WASHINGTON
House lawmakers are planning to vote Tuesday on an overhaul of a federal agency that insures mortgages against default in an effort to help struggling homeowners avoid foreclosure.
The plan of leading House Democrats to expand the role of the Federal Housing Administration goes further than the Bush administration’s plan to ease some of the mortgage market troubles that have rattled the economy.
Both House lawmakers and the Bush administration want to allow the FHA, which insures mortgages for low- and middle-income borrowers, to back refinanced loans for borrowers who are delinquent on payments because their mortgages have reset to higher rates from low initial levels.
But the administration objects to a plan by Rep. Barney Frank, D-Mass., chairman of the House Financial Services Committee, to raise the limit on the size of mortgages FHA can insure to $500,000 in high-cost areas of the country from the current $362,000.
The White House said in a statement Monday that the program “should remain targeted to traditionally underserved homebuyers, such as low- and moderate-income families.” The administration wants the FHA loan limits to be raised to $417,000 in high-cost areas.

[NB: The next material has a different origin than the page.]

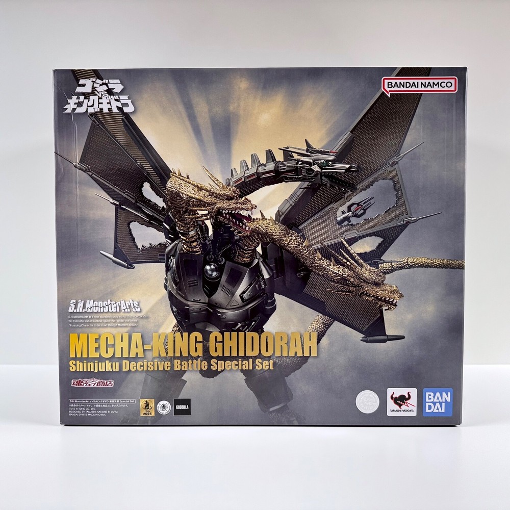 Bandai SH MonsterArts Mecha King Ghidorah Shinjuku Decisive Battle Mint *OPEN BOX* NEW. Box has been opened for inspection only. Trays did not come from factory with seals on them but have never been separated. The figure is brand new & has never been removed or displayed. Original mailer box included. Graphics box has very slight fold. Please see photos as they are part of the description. All reasonable offers will be considered. I have a lot of other Godzilla items & offer combined shipping. If you have any questions please send me a message. Thank you for looking!
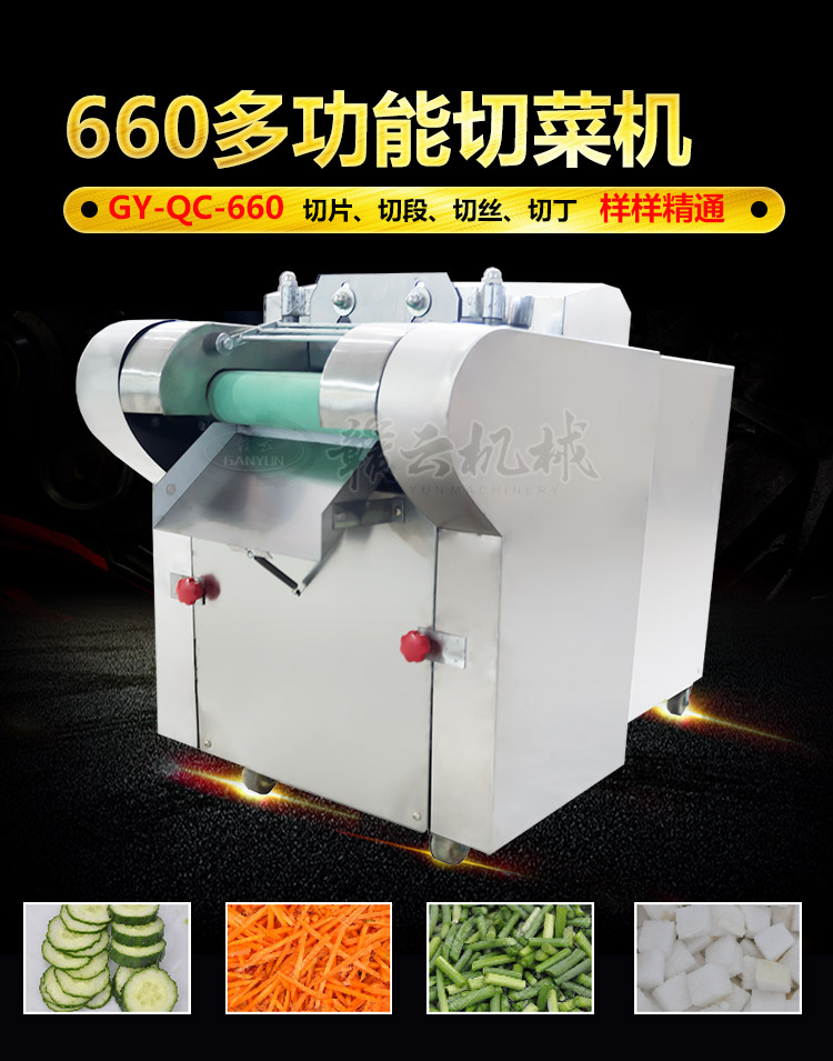 一機多用,擁用切菜機、切丁機、切絲機、切片機的功能,集多功能于一身。可將根莖類切成厚、薄片、絲條、丁等外形。葉菜類之輸送帶轉刀速度采用變頻器控制,獨立控制。成品形狀: 片、四角絲條、丁。

In the Senate, meanwhile, legislation by Senate Banking Committee Chairman Christopher Dodd, D-Conn., and the panel’s senior Republican, Sen. Richard Shelby of Alabama, would raise the limit to $417,000.
While FHA loans are insured by the government in the event of default, the mortgages themselves are made by major lenders such as Bank of America Corp. and Wells Fargo & Co., and are typically offered to investors as mortgage-backed securities by federal housing finance agency Ginnie Mae. The FHA currently insures 3.7 million loans.